Entries taken from a collection >>
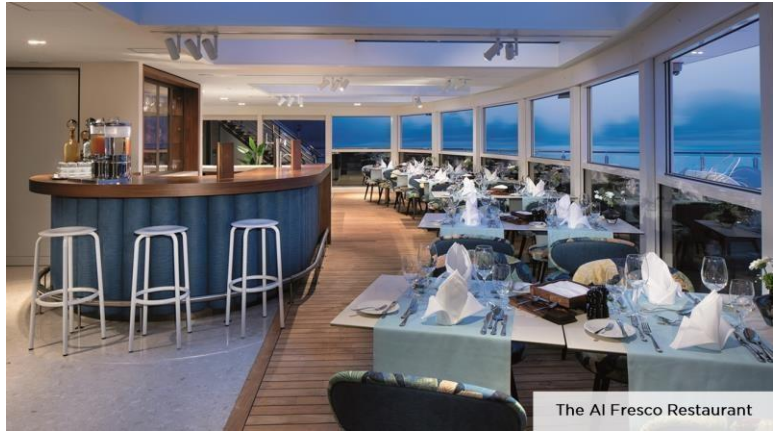
The AI Fresco Restaurant
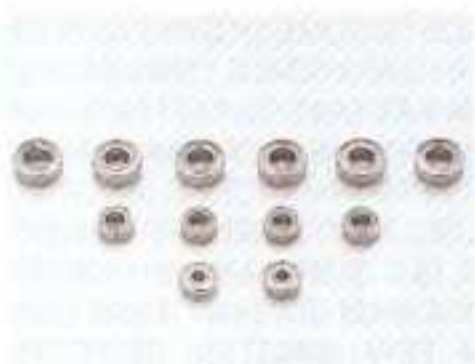
■ BALL BEARING SET No.1978

FOR LOTUS HONDA 99T/McLAREN MP4/3 TAG TURBO/WILLIAMS HONDA
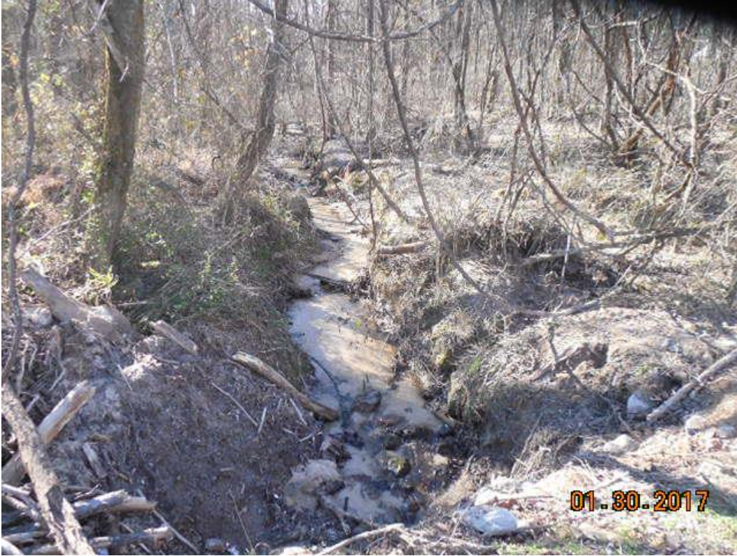
Photograph 1. Inlet
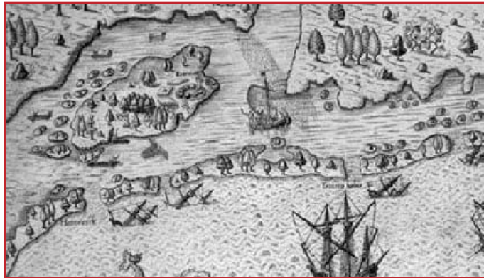
Arrival of the English, Theodor de Bry

In May of 1607, three small ships – the Discovery, Godspeed and Susan Constant – landed at what we know today as Jamestown. On board were 104 men and boys, plus crew members, who had left England on a bitter cold December day. Sailing down the Thames River with little fanfare, they were unnoticed by all but a few curious onlookers. The ships were packed with supplies they thought would be most needed in this new land. Sponsors of the voyage hoped the venture would become an economic prize for England. An earlier undertaking in the 1580s on Roanoke Island, in what is now North Carolina, had failed, but times had changed. England had signed a peace treaty with Spain, and was now looking westward to establish colonies along the northeastern seaboard of North America.
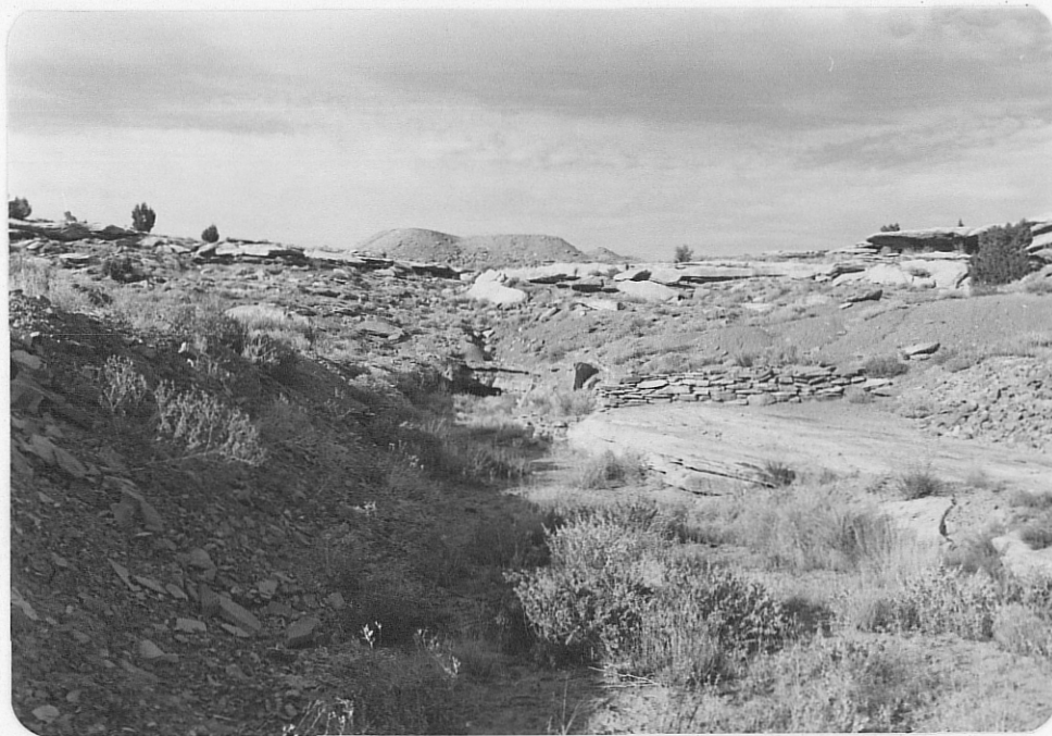
Photo (a) Tent Mine, looking N along 12' wide, 120' long, entrance cut.
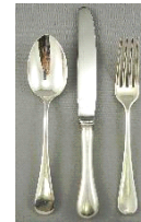
Lot # 587
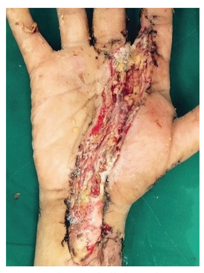
Figure 3. At 72 hours, note that bleeding vessels are more prominent throughout the flap. Also, note the change in color of the proximal dermis.

Biochemical Corporation, CLS-1, Lakewood, NJ, USA) at a concentration of 200 CDU/ml of total volume. The collagenase was injected into the canister through a sterile 0.22-micron filter (Millex-MP, Millipore, Cork, Ireland). The mixture was dissociated for 40 minutes in an incubated shaker table at 38°C and 150 RPM. After dissociation, human albumin was added to achieve a concentration of 2.5 and thereby stopping the reaction through the binding by albumin of calcium and magnesium ions essential for enzyme function. The mixture was centrifuged for 10 minutes at 800x gravity. The SVF cells concentrated at the bottom of the device, and were removed using a 6-inch needle (Abbocath-T, Hospira Ireland, Sligo, Ireland). The cells were resuspended in Ringer's lactate solution to a total of 20 cc. Ten microliters of SVF were taken from the final suspension and submitted for differential staining. Two samples were then passed through an image cytometer (ADAM-MC, Portsmouth, NH, USA) for the counting of mononucleated cells and to assess cell viability. The viable index was 184,000 cells per gram of dry fat. The total viable cell count was 6.8 \times 10^7 .
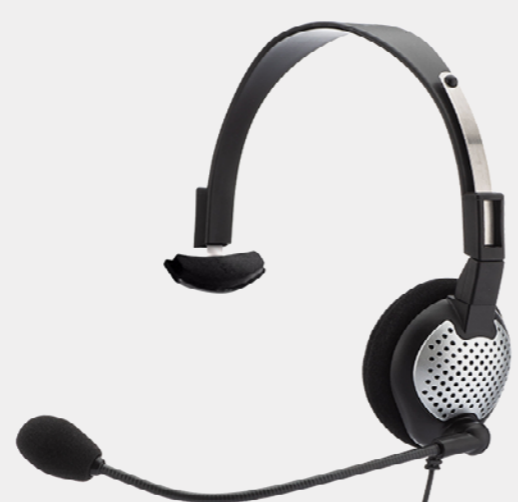
NC-181 On-Ear Mono Headset With Noise Cancelling Microphone & Windsock
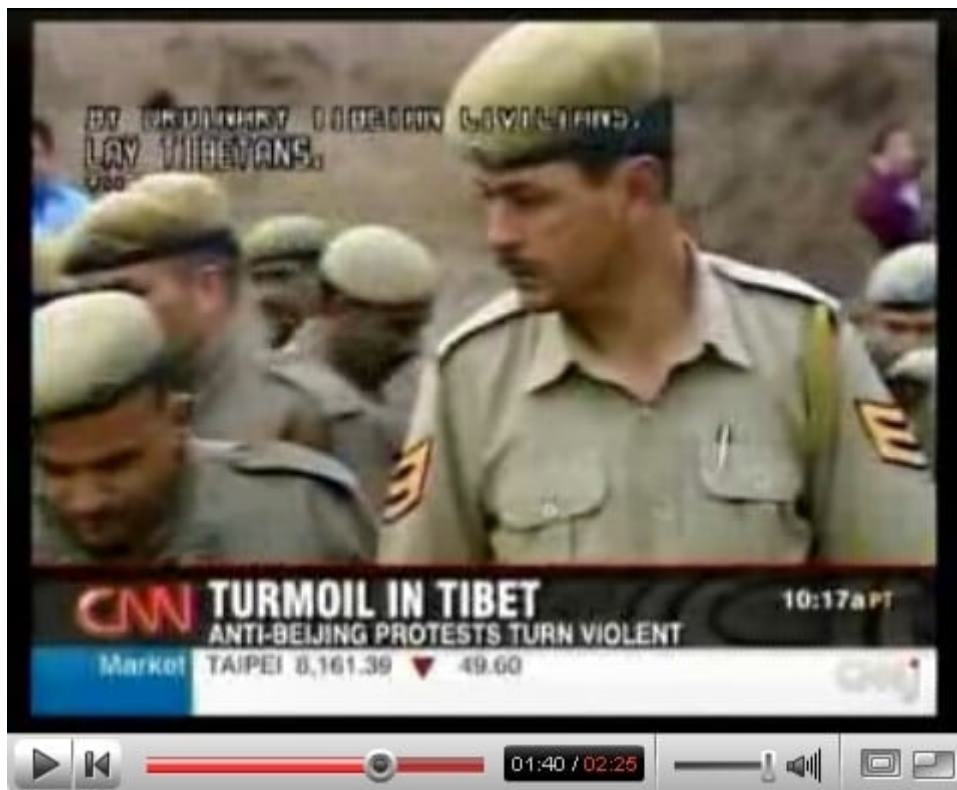
Alleged Chinese cops in khaki uniforms repressing Tibet demonstrators in China, CNN, March 14, 2008 1'40"

Their khaki uniforms with berets seem to bear the imprint of the British colonial period.
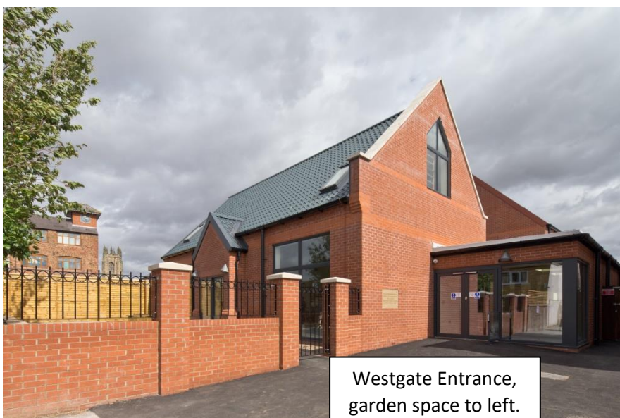
Westgate Entrance, garden space to left.

This, along with the Schoolroom solar panels, reduces our dependence on other energy sources and also generates an income from the Renewable Heat Incentive. Bi-fold doors between the worship space and cloister area can be opened to facilitate larger events. Access control using proximity fobs gives good security and auditing of use with maximum flexibility. Safety and protection is facilitated by installed CCTV.
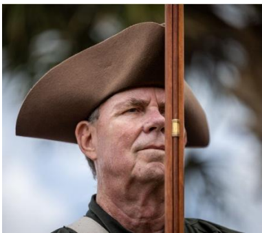
49 th Chapter President (2025 – 2027)
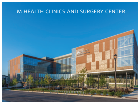
M HEALTH CLINICS AND SURGERY CENTER

Work instruction >> Your copy should hold exactly the lines from the one with "Westgate Entrance, garden space to left." through the end of the records, both included, and no pictures.

Answer section >>
Westgate Entrance, garden space to left.

This, along with the Schoolroom solar panels, reduces our dependence on other energy sources and also generates an income from the Renewable Heat Incentive. Bi-fold doors between the worship space and cloister area can be opened to facilitate larger events. Access control using proximity fobs gives good security and auditing of use with maximum flexibility. Safety and protection is facilitated by installed CCTV.
49 th Chapter President (2025 – 2027)
M HEALTH CLINICS AND SURGERY CENTER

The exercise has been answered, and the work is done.